» PROMPT: In the entries that follow, find the line containing "El segundo es"; from there, copy every line exactly through the line containing "1966 Large Beads Silver Dollar. BU. Cameo.".

» MATERIAL PROVIDED:
⁂

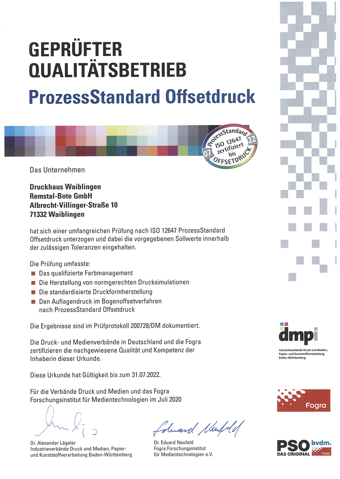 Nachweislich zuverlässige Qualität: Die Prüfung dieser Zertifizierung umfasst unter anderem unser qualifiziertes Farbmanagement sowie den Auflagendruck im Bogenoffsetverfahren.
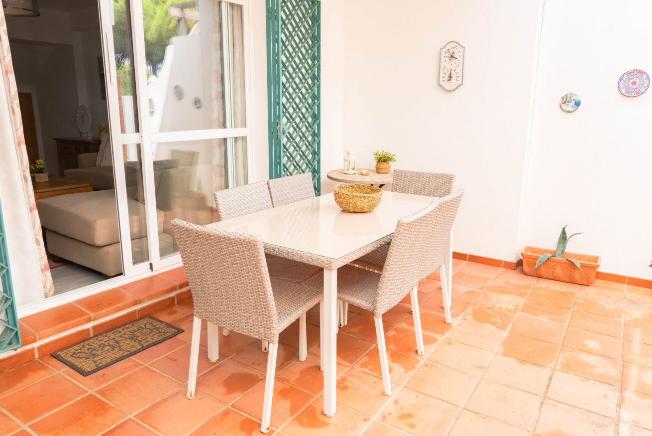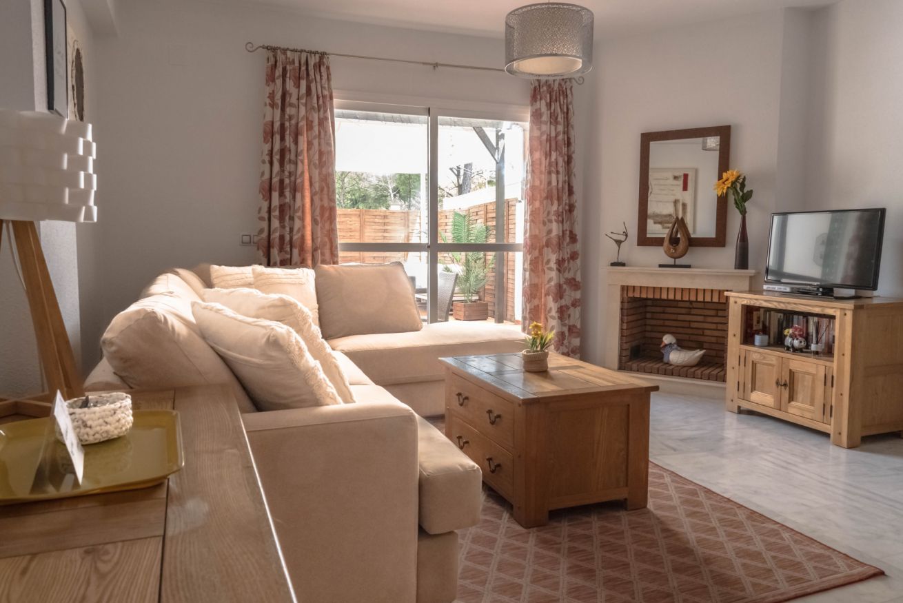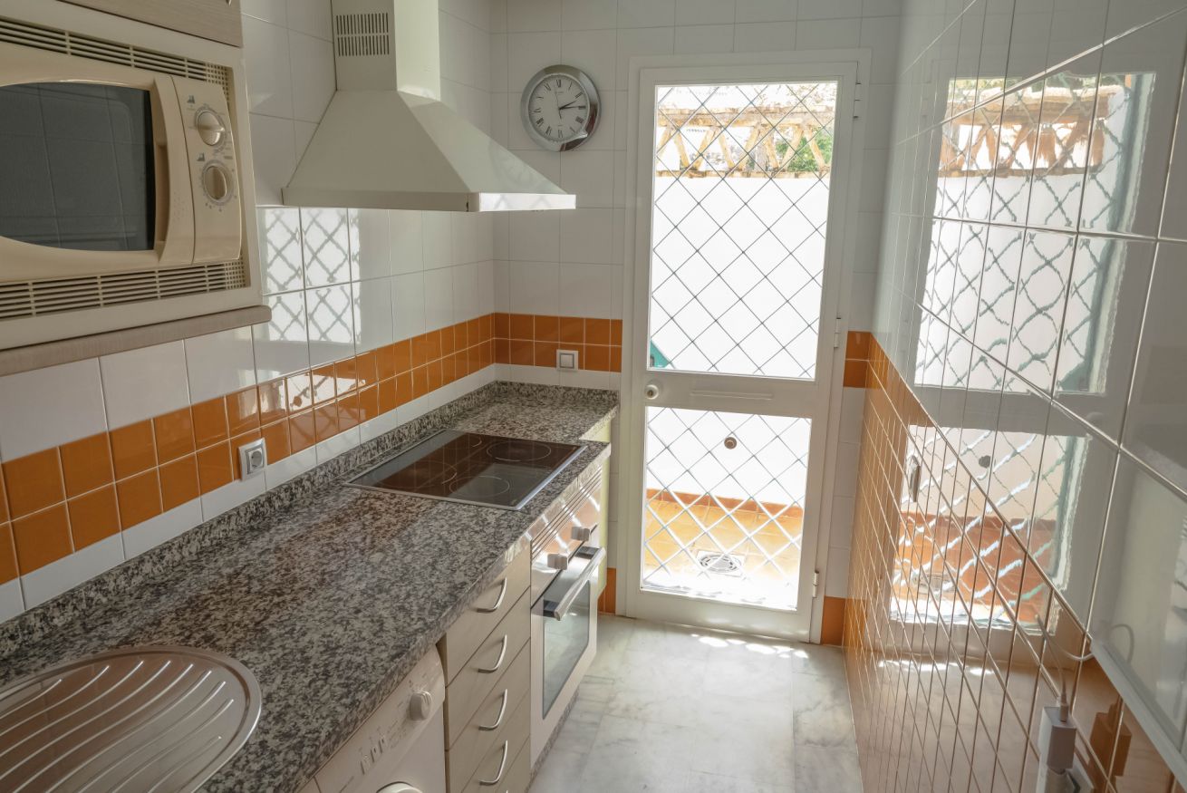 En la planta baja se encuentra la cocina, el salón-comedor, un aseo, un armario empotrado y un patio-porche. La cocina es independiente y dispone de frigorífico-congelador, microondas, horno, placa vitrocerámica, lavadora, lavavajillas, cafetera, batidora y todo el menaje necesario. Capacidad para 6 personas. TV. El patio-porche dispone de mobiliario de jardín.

⁂

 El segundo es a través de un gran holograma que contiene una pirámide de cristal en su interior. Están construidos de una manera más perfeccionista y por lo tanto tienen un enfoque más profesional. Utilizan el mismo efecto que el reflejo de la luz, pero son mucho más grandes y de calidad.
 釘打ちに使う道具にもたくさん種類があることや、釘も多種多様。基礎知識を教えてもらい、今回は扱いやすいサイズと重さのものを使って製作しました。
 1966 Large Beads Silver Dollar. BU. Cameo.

⁂

» ANSWER SECTION:
 El segundo es a través de un gran holograma que contiene una pirámide de cristal en su interior. Están construidos de una manera más perfeccionista y por lo tanto tienen un enfoque más profesional. Utilizan el mismo efecto que el reflejo de la luz, pero son mucho más grandes y de calidad.
 釘打ちに使う道具にもたくさん種類があることや、釘も多種多様。基礎知識を教えてもらい、今回は扱いやすいサイズと重さのものを使って製作しました。
 1966 Large Beads Silver Dollar. BU. Cameo.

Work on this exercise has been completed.